##### Dataset records
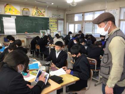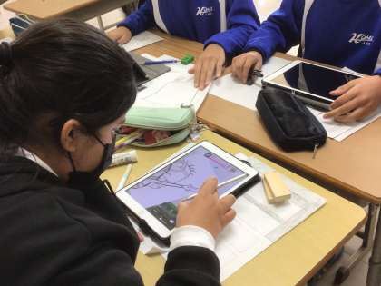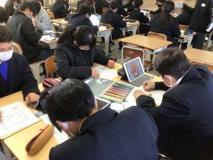 アーティストのデザインを参考に、1組は燃やすごみ、2組は金属ごみ、3組は埋めるごみとプラ・包装容器ごみのデザインをしています。タブレットを活用して描いている生徒もいます。
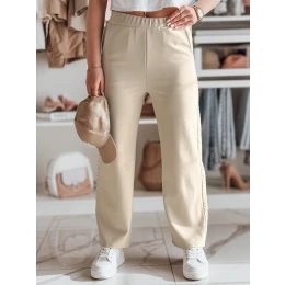 Prążkowane spodnie wide leg z elastyczną gumką w pasie, które zapewniają wygodę i idealne dopasowanie do sylwetki. Po bokach nogawek ozdobna koronka dodająca lekkości i stylowego akcentu. Dwie ozdobne kieszenie z przodu. Uniwersalny rozmiar pasuje od XS do L. Model łączy casualowy styl z eleganckimi detalami, pasując do wielu stylizacji.
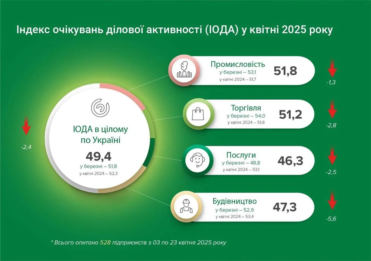 У квітні 2025 року індекс очікувань ділової активності (ІОДА) становив 49,4 порівняно з 51,8 у березні 2025 року (у квітні 2024 року - 52,3).
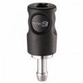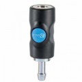 Bezpečnostní rychlospojka s kruhovým připojením. Vyrobené z kompozitního materiálu bez silikonu. Velmi lehké, odolné vůči otěru, nárazům, rozdrcení a vibracím. Profil ISO 6150 B. O průchod 6 mm, výstup hadice 8 mm, průtok 833 l/min, maximální tlak 16 bar.Rychlospojky na vzduch
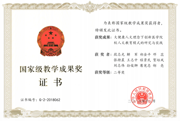 2018年《大健康人文理念下创新医学院校人文教育模式的研究与实践》获得国家级教学成果奖二等奖
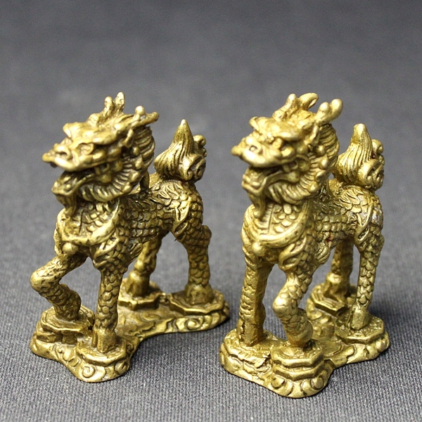 麒麟の置物 風水 玄関 風水グッズ 麒麟 キリン 置物 人間関係 効果 縁起物 置き場所 寝室 リビング 開運祈願 インテリア 飾り物 風水2026 (銅製八卦麒麟小一対) 送料無料
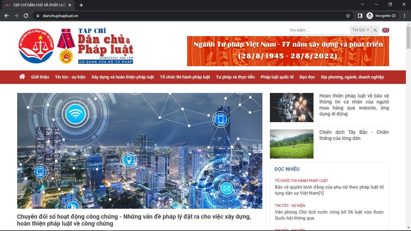 Song hành cùng các ấn phẩm in, Trang thông tin điện tử của Tạp chí Dân chủ và Pháp luật được hình thành từ năm 2014 đã thực sự trở thành diễn đàn pháp lý, dân chủ nghiên cứu, trao đổi về nghiệp vụ và thực tiễn trong xây dựng, thực hiện pháp luật và hoạt động tư pháp nhằm nâng cao trình độ nghiệp vụ cho đội ngũ cán bộ làm công tác tư pháp trong cả nước; trang bị kiến thức pháp luật cần thiết cho các doanh nghiệp trong quá trình hoạt động sản xuất, kinh doanh và một bộ phận quần chúng nhân dân muốn tìm hiểu pháp luật; trao đổi kinh nghiệm, thông tin về hoạt động tư pháp, pháp luật nước ngoài... Các tin, bài được cập nhật liên tục trong ngày, lan tỏa rộng, tính tương tác cao, với số lượng tăng liên tục từ khoảng 300 tin, bài năm 2014 đã lên đến trên 700 tin, bài năm 2022. Đây là nền tảng quan trọng để nâng cao hơn nữa vị thế của Tạp chí, của Bộ và Ngành Tư pháp trong lòng bạn đọc và là cơ sở để tiếp tục phát triển Tạp chí Dân chủ và Pháp luật điện tử trong giai đoạn tiếp theo.
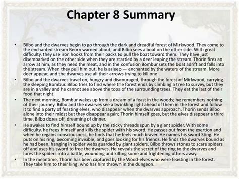The Hobbit Chapter 8 Summary. [h]e felt a different person, and much fiercer and bolder in spite of an empty stomach, as he wiped his sword on the grass and put it back into its sheath. Darkness falls upon bilbo and the dwarves as they enter the bleak forest of.
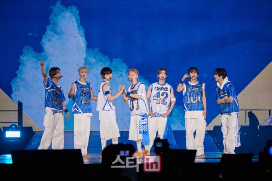이날 공연 첫 멘트 시간에 마크는 “고척돔에 오신 걸 환영한다”며 “소중한 주말에 저희를 보러와 주셔서 너무 감사하다”고 인사했다. 이어 마크는 “자리를 꽉 채워주셔서 감사하다”며 “끝까지 즐겨달라”고 당부했다.
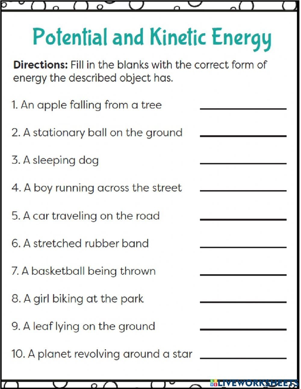 One way to engage students in learning about potential and kinetic energy is through the use of worksheets. These worksheets typically include various scenarios or problems that require students to identify and calculate potential and kinetic energy. By working through these exercises, students can develop a deeper understanding of how energy is transferred and transformed in different situations.
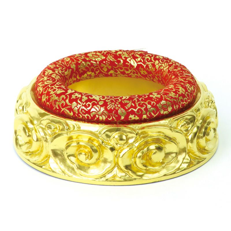 本願寺派は丸型もしくは六角型の鏧台を設け、布団を敷いた上に大鏧を乗せ、白革巻きの撥で打ち叩きます。大谷派では、方形または長方形の台に金襴を巻いた輪を乗せて経鏧を設置します。平鏧を乗せる場合は、雲彫りを施した木製の雲輪に金襴輪を設置し平鏧を乗せ、金襴巻の撥で打ちならします。
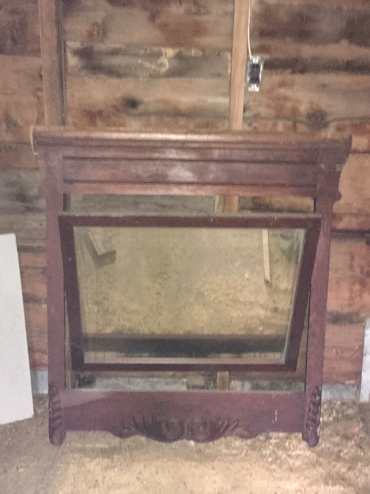 Mirror found in a barn. Assume it did go on top of a dresser. It is upside down still in this photo. |
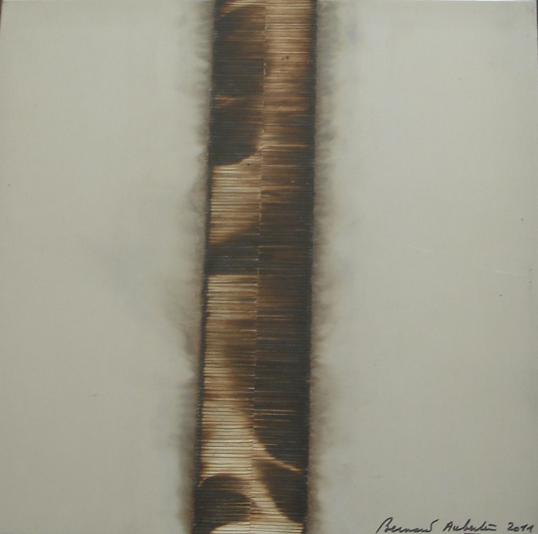 AUBERTIN BERNARD - FRANCIA 1934 - DESSIN DE FEU, 2011 - FIAMMIFERI BRUCIATI SU ALLUMINIO cm 50 x 50. Firma e anno in basso a destra. Autentica del Maestro su fotografia
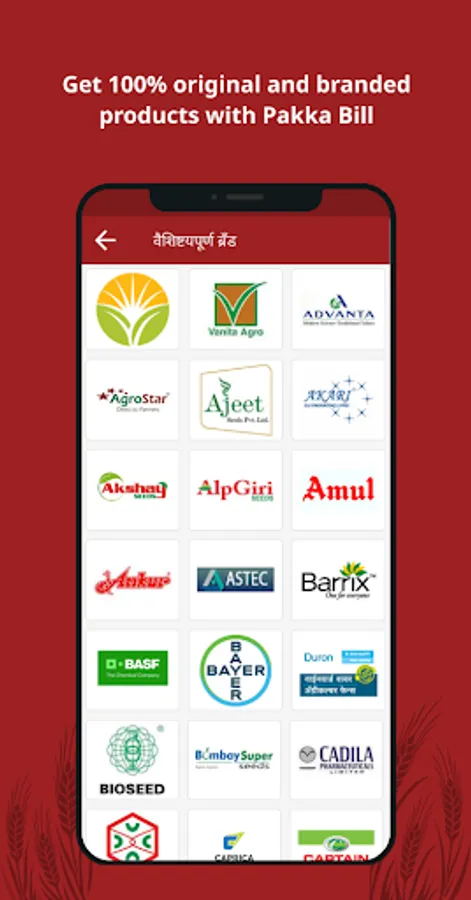 #4. Agriculture Shopping (कृषी शॉपिंग) Agrostar app is the best online shopping store for farmers. Kisan can do the shopping for all the agri-products -seeds, crop nutrition, crop protection, farm implements, organic products, etc. from Agrostat Agri-Doctor App. The app has products from more than 150+ reliable agriculture brands like Bayer, DOW, Dhanuka, Indofil, Ajeet, MAHYCO, Rasi, Kisan Kraft, Pioneer, Monsanto, Ankur, Honda, TATA Rallis, Kaveri, UPL, Mahindra, John Deere, Kubota, VST, Lemken, Jain Irrigation, Rivulis, etc.
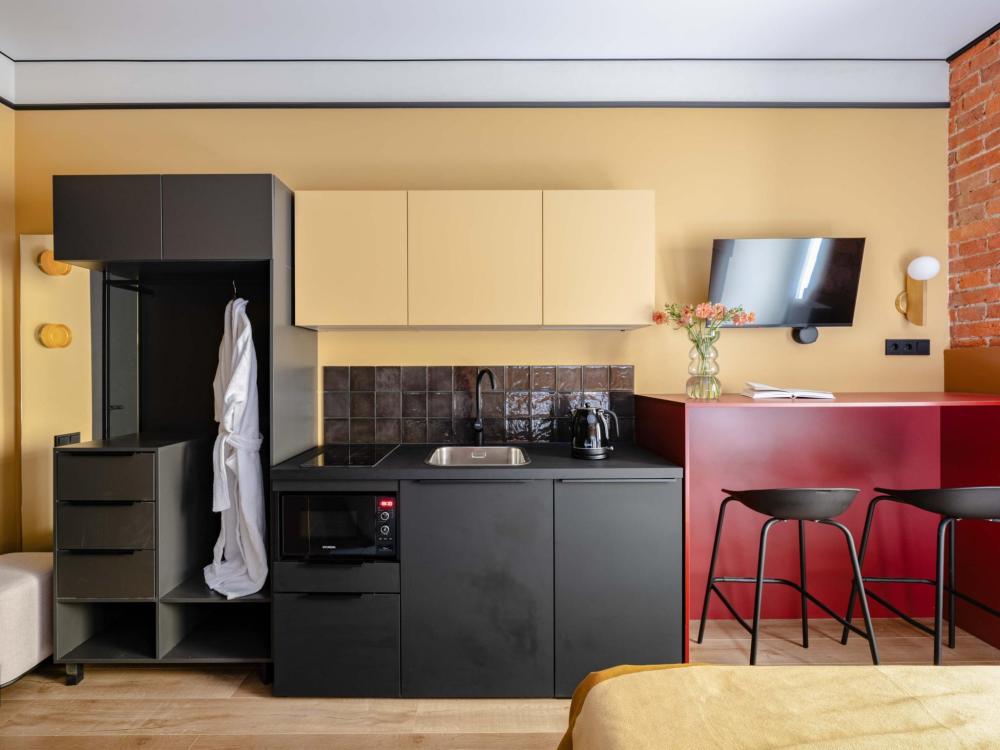 Новый уютный отель на Арбате в тихом переулке с дизайнерской отделкой и стильной мебелью •Номера оснащены технологией умного дома с виртуальным голосовым помощником «Алиса» •«Алиса» управляет светом, шторами, воспроизведением музыки и другими удобствами по голосовой команде •Принимаем иностранных гостей, обеспечивая удобное и комфортное проживание в историческом центре Москвы •Комфортная кровать размера king-size и шторы-блэкаут для полноценного отдыха •Smart TV, бесплатный wi-fi •Кухонная зона со всеми удобствами и кондиционер •Стиральная машинка, кулер и сушилка в местах общего доступа •Круглосуточное бесконтактное заселение 24/7 для вашего удобства •Возможно получение отчетных документов •При заселении требуется депозит 3000 рублей •Проживание в нашем отеле принесёт вам скидку в кафе «Хлеб Насущный» для хорошего начала дня. •Парковка автомобиля 1000 р. в сутки Будем рады видеть вас в нашем новом инновационном отеле! (при заселении необходимо созвониться с администратором за 3-4 часа до заселения для получения инструкции по заселению. номер телефона администратора +7 926 1654569)
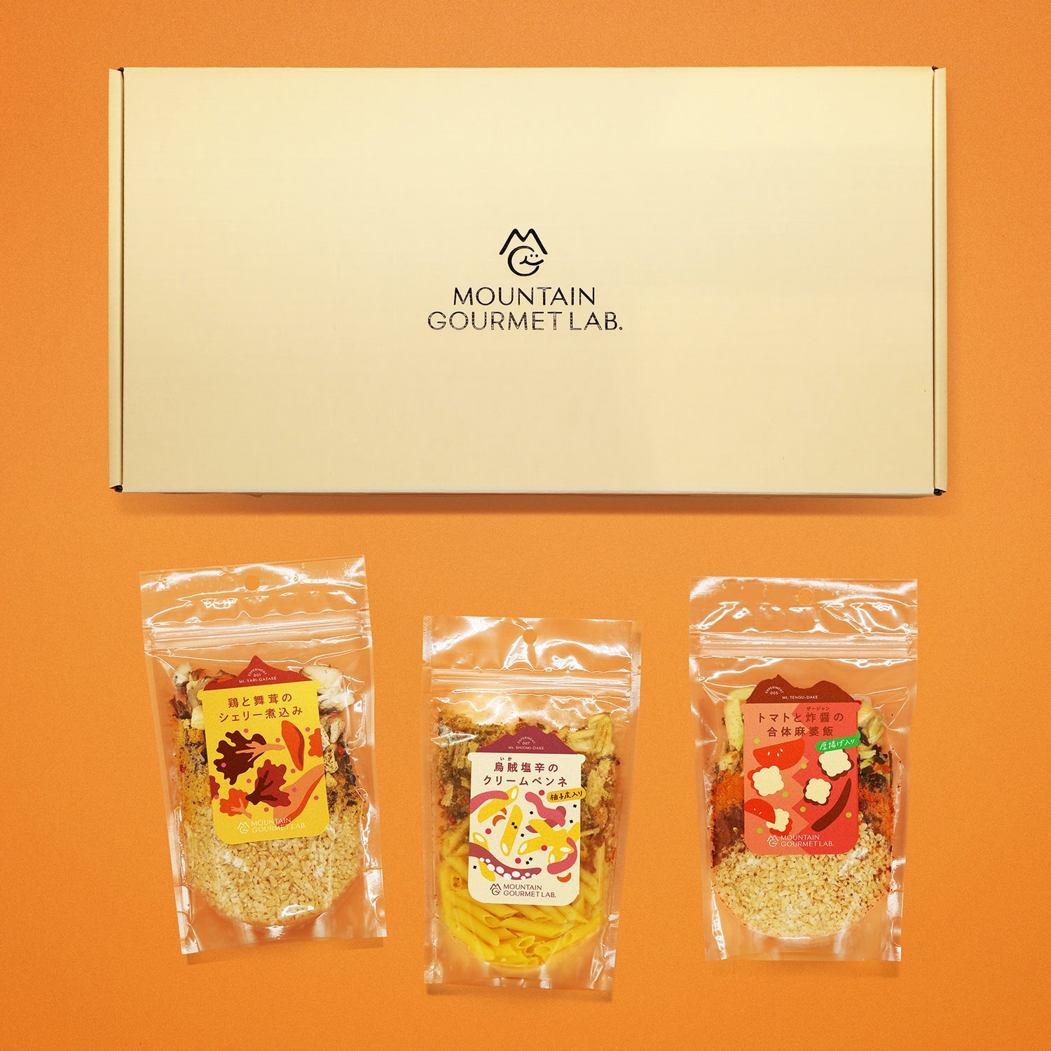マウンテン グルメ ラボの商品はいつも風景とともにあります。急登を登りきったあとに、突如開ける神々しい山々。気持ちよく疲れた体のコンディションと、風や清々しい空気。山を最高の景色をもったレストランと見立てて、そこに持って行けるレストランクオリティの山飯を開発しました。バックパックに収まるシェフの味をぜひ堪能してください。
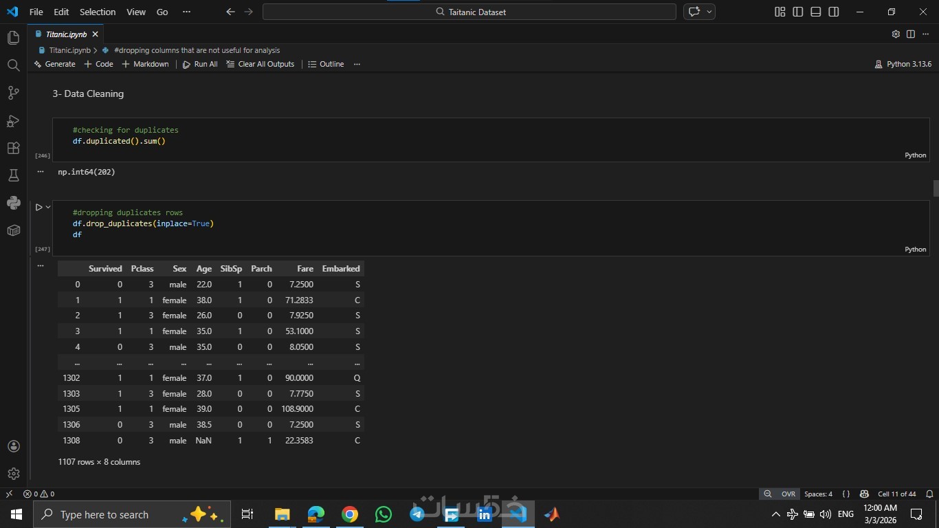 ملف بصيغة .ipynb يحتوي على الكود البرمجي الذي تم استخدامه خطوة بخطوة. الكود سيكون منظماً وموثقاً بتعليقات (Comments) تشرح كل عملية تمت على البيانات.
##########
Begin at the first line of the listing and print each line exactly. Stop after the line containing "Prążkowane spodnie wide", and omit all pictures.

 アーティストのデザインを参考に、1組は燃やすごみ、2組は金属ごみ、3組は埋めるごみとプラ・包装容器ごみのデザインをしています。タブレットを活用して描いている生徒もいます。
 Prążkowane spodnie wide leg z elastyczną gumką w pasie, które zapewniają wygodę i idealne dopasowanie do sylwetki. Po bokach nogawek ozdobna koronka dodająca lekkości i stylowego akcentu. Dwie ozdobne kieszenie z przodu. Uniwersalny rozmiar pasuje od XS do L. Model łączy casualowy styl z eleganckimi detalami, pasując do wielu stylizacji.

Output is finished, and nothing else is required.